Visualization of DPPXYR manipulation using same data set

These findings may be of concern as an emerging body of literature suggests that simple elements of the graphical display (e.g., y-axis scaling, DPPXYR) can affect judgments made by visual analysts. Dart and Radley (2017) identified visual analysts evaluating ABAB graphs made more Type I errors as the magnitude of the y-axis was truncated (i.e., 80% y-max had 4.7% error and 40% y-max had 21.9%% error). Rate or latency are used frequently in FAs and these measurement approaches do not have a natural upper bound maximum value. In practice, most graphs will be constructed with the y-maximum set at or slightly above the maximum observed value depending on the scale used. Thus, we opted not to investigate the manipulation of the ordinate scale in this article—although it may be a worthwhile investigation for future research. Radley et al. (2018) identified visual analysts evaluating multiple-baseline design graphs had an increased Type I error rate when graphs were constructed with DPPXYR less than 0.14. The DPPXYR is influenced by the ratio of the lengths of the x and y axis along with the density of the data points plotted within the graphical space and this is where variability may be observed. For example, if an analyst has a graph ratio set but continually collects and plots new data to the graph space without adjusting the x to y axis ratio the DPPXYR value will decrease. We opted to investigate this variable given there has not been an investigation of the influence of the DPPXYR on visual analysis of multielement design graphs and the variability that may arise in graph construction for DPPXYR in practice.

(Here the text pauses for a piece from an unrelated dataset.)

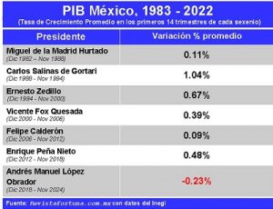 En los últimos 40 años, la tasa de crecimiento promedio en los primeros 14 trimestres de cada sexenio, con Salinas de Gortari, el PIB creció poco más de 1.0%. Con Zedillo, con todo y la crisis de 1995 por el llamado “error de diciembre” avanzó 0.67%, con Peña Nieto la economía aumentó 0.48%.

Research suggests mixed findings regarding the consistent use of visual analysis to evaluate FA data in behavior assessment and in the assessment of intervention efficacy. Graph construction is one potential variable that may affect visual analysis that has been under investigated. The aim of the project was to investigate how variation in the DPPXYR estimates affect BCBAs evaluation of multielement graphs displaying results from a functional analysis. Specific research questions that guided this study were (1) is there interrater agreement across BCBAs visual analysis to identify a function(s) when DPPXYR is accounted for, and (2) is there alignment between a BCBA’s detected function(s) and modified visual inspection criteria (Roane et al., 2013)?

Method

Participants

The target sample for this project were BCBAs with experience in conducting FAs through SCEDs and visual analysis. Other behavior-oriented related personnel, who generally do not make graph-based decisions, were excluded from this research. The certifications excluded from the study were board certified assistant behavior analysts (BCaBAs), state certified behavior specialist, and registered behavior technician (RBT). This sample was selected because the Behavior Analyst Certification Board (BACB) Task List, 5th Edition (Behavior Analyst Certification Board, 2017) states BCBAs should have experience with SCED and use the methodology to make data-based decisions (i.e., C-11: Interpret graphed data; D-5: Use single-subject experimental design; BACB, 2017; F-9: Interpret functional assessment data).

To recruit participants, a survey was distributed through a listserv hosted by the BACB. An email was sent to solicit BCBAs and BCBA-Ds, which requested their participation in a research study. In particular, participants were informed that the intent was to observe the decisions that BCBAs make when evaluating FA data through multielement design graphs. The email included a link to a Qualtrics survey and stated the survey would take approximately 20 to 30 min to complete.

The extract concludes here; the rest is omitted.